2. local.conf , our local pkg_comp configuration

# update your pkgsrc tree whenever invoking a pkg_comp build. 
# not strictly necessary on quartery branches  
UPDATE_SOURCES=true

# Additional configuration files to support this setup.
EXTRA_MKCONF="/usr/pkg/etc/pkg_comp/extra.mk.conf"
SANDBOX_CONFFILE="/usr/pkg/etc/pkg_comp/sandbox.conf"

# Remote VCS configuration.
FETCH_VCS=cvs
CVS_ROOT=:ext:[email protected]:/cvsroot
CVS_TAG=pkgsrc
#GIT_URL=https://github.com/NetBSD/pkgsrc.git
#GIT_BRANCH=trunk

# Host file layout  
# These directories point to trees managed outside of the
# sandbox and are exposed within the sandbox via null mounts.
PKGSRCDIR="/usr/pkgsrc"
DISTDIR="/usr/pkgsrc/distfiles"
PACKAGES="${PKGSRCDIR}/packages"
PBULK_LOG="${PACKAGES}/log"
PBULK_PACKAGES="${PACKAGES}/pbulk"

# Target file layout
LOCALBASE=/usr/pkg
PKG_DBDIR=/var/db/pkg
SYSCONFDIR=/usr/pkg/etc
VARBASE=/var

# Enable interactive pkgsrc development via sandbox-shell.
PKG_DEVELOPER=yes

# List of packages to build during automatic execution.
AUTO_PACKAGES="$(grep -v '^#' '/usr/pkg/etc/pkg_comp/pbulk.list')"

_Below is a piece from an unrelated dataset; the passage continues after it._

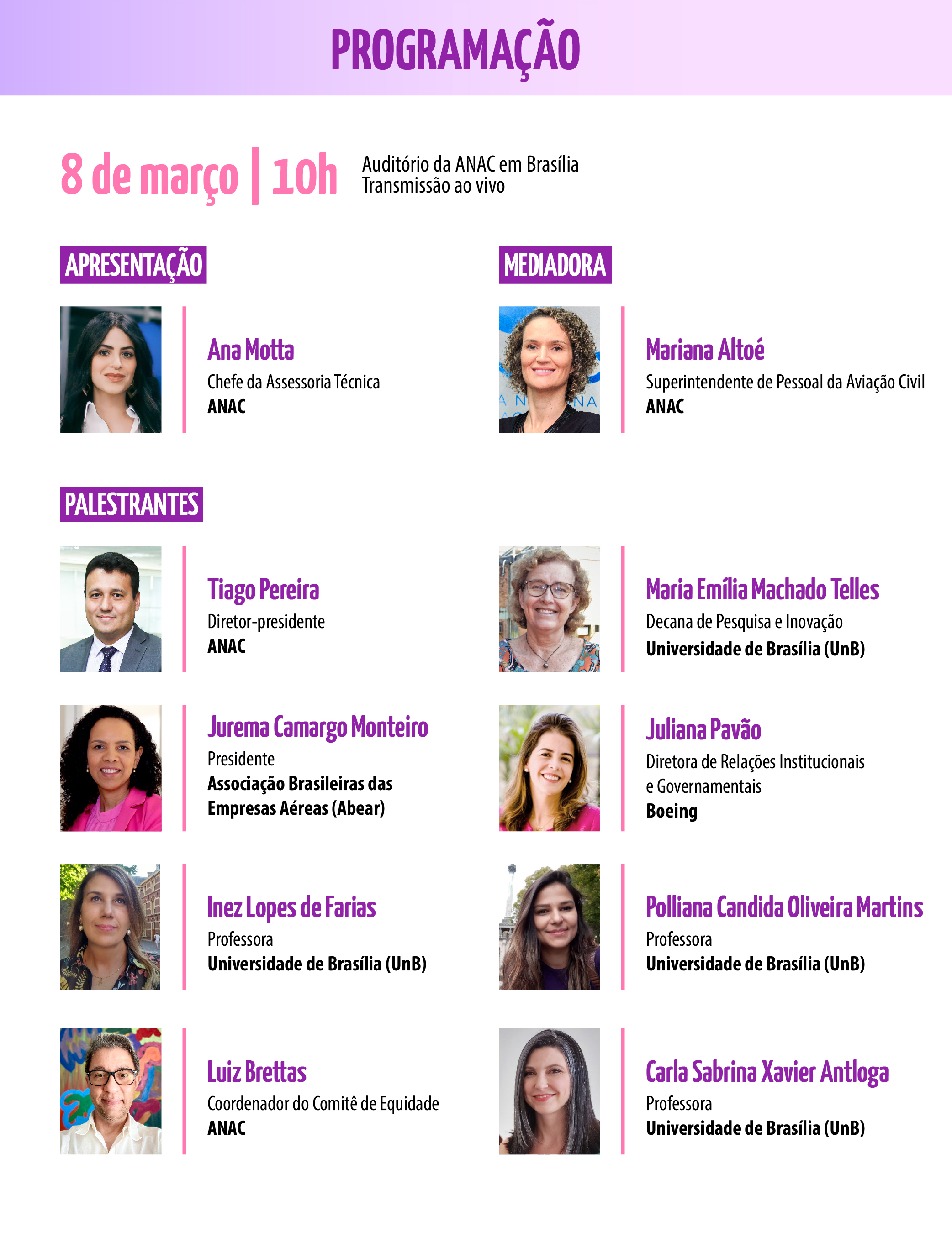Em parceria com a Universidade de Brasília (UnB) e a Associação das Mulheres Aviadoras do Brasil (AMAB), o evento trará debates sobre os principais desafios enfrentados pelas mulheres para ingressar e avançar nas carreiras do setor aéreo. Também participam do debate a Associação Brasileira das Empresas Aéreas (Abear) e a empresa Boeing.

3. extra.mk.conf, additional pkgsrc settings to be used with pkg_comp.

# extra

# sanity checks for shared libs
PKG_DEVELOPER=yes

# compatibility pkgdbdir
PKG_DBDIR=/var/db/pkg

# build on tmpfs
WRKOBJDIR=/var/tmp/pkg

# cflags
#CPUFLAGS+=-O2 -pipe -fomit-frame-pointer -mfpmath=sse -msse2 -march=native
#CFLAGS+=-Wfatal-errors       
          

# ccache
#PKGSRC_COMPILER=ccache gcc           

#CCACHE_DIR=/var/tmp/ccache           

# make jobs
MAKE_JOBS=$(/sbin/sysctl -n hw.ncpuonline)

# PKG_ALTERNATIVES
PYTHON_VERSION_DEFAULT=39            

LUA_VERSION_DEFAULT=54               

PHP_VERSION_DEFAULT=80               

RUBY_VERSION_DEFAULT=30

# avoid linking against outdated libs
PREFER_PKGSRC?=MesaLib Xft2 Xrandr Xrender expat fontconfig freetype2 glu openssl pixman xcursor

# user patches 
LOCALPATCHES=/usr/pkg/etc/pkg_comp/patches

# other
SKIP_LICENSE_CHECK=yes
#NO_CHECKSUM=yes
#ALLOW_VULNERABLE_PACKAGES=yes

# PKG_OPTIONS
PKG_OPTIONS.seamonkey=dbus webrtc
PKG_OPTIONS.packagename=option1 option2 -disabledoption3

4. pbulk.list, list of packages to build.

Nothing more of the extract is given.